Traduction certifiée conforme ce 2e jour de novembre 2000.

Erich Klein, réviseur



[1]               Pièce A-1, onglet 1.

[2]               Pièce A-1, onglet 3; motifs du jugement - pièce A-1, onglet 2.

[3]               Pièce A-1, onglet 1, paragraphe 3, et onglet 3, paragraphe 17.

[4]               Pièce A-2, onglet 14 - motifs du jugement du juge Boland, en date du 20 février 1996; motifs supplémentaires du juge Boland en date du 1er décembre 1997 et du 5 mars 1999.

[5]               Pièce A-4, onglets 14 et 15.

[6]         248(1) Les définitions qui suivent s'appliquent à la présente loi.

“biens” Biens de toute nature, meubles ou immeubles, corporels ou incorporels, y compris, sans préjudice de la portée générale de ce qui précède :

(a)         les droits de quelque nature qu'ils soient, les actions ou parts;

                                [...]

                               

[7]               65302 British Columbia c.
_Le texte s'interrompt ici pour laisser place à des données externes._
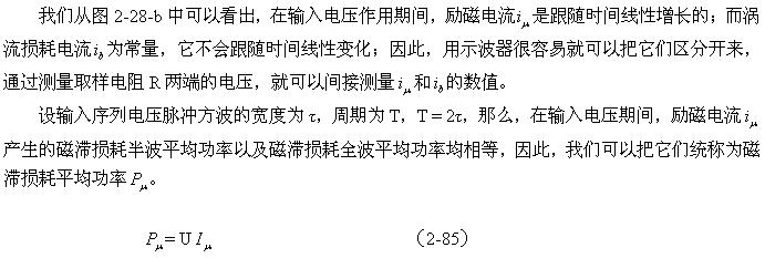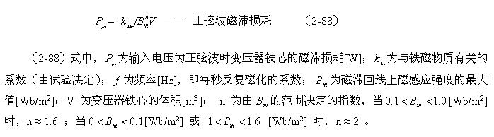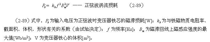 這裏順便指出,利用(2-88)和(2-89)式來分別測試變壓器鐵心的磁滯損耗和渦流損耗是非常困難的;一(yi)個(ge)是(shi)它(ta)們(men)的(de)係(xi)數(shu)很(hen)難(nan)決(jue)定(ding),另(ling)一(yi)個(ge)是(shi)兩(liang)者(zhe)很(hen)難(nan)分(fen)別(bie)進(jin)行(xing)測(ce)量(liang),或(huo)從(cong)測(ce)量(liang)結(jie)果(guo)中(zhong)進(jin)行(xing)分(fen)離(li)。對(dui)比(bi)兩(liang)式(shi)的(de)參(can)數(shu)就(jiu)可(ke)以(yi)知(zhi)道(dao),它(ta)們(men)之(zhi)間(jian)最(zui)大(da)的(de)區(qu)別(bie)是(shi)頻(pin)率(lv)對(dui)損(sun)耗(hao)的(de)影(ying)響(xiang)程(cheng)度(du);一個是與頻率成正比,另一個是與頻率的平方成正比。
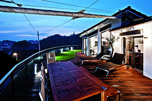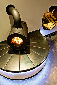 Die Lösung beschreibt Andreas Zapfe rückblickend als „Schnapsidee… Dann müssen wir halt einen Spiegel einbauen. Gesagt getan.“ Entstanden ist so ein Feuermöbel mit freistehendem. um 360 Grad drehbaren Tunneleinsatz, der sowohl von der Couch, als auch im warmen Ofennest sichtbar ist. Lautsprecher und ein stimmungsvolles Beleuchtungskonzept runden das Wellnessgefühl ab.

Canada, [1999] 3 R.C.S. 804 (99 DTC                 5799) (C.S.C.).

[8]               Upenieks c. La Reine et al, C.C.I., no 92-1310(IT)I, 14 juillet1993 ([1993] 2 C.T.C. 2386), confirmé par 94 DTC 6656 (C.A.F.).

[9]               Symes c. Canada, [1993] 4 R.C.S. 695, aux pages. 722 et 723.

[10]             82 DTC 1082, à la p. 1083.

[11]             J'entends par là tous les paiements de pension alimentaire, tels les impôts, l'hypothèque, les frais des enfants, etc.

[12]             [1993] 4 R.C.S. 695, aux pages 738 et 739 (94 DTC 6001, à la page 6015).

[13]             Voir Upenieks c. La Reine, et al, précité.

[14]             Pièce A-3, onglet A.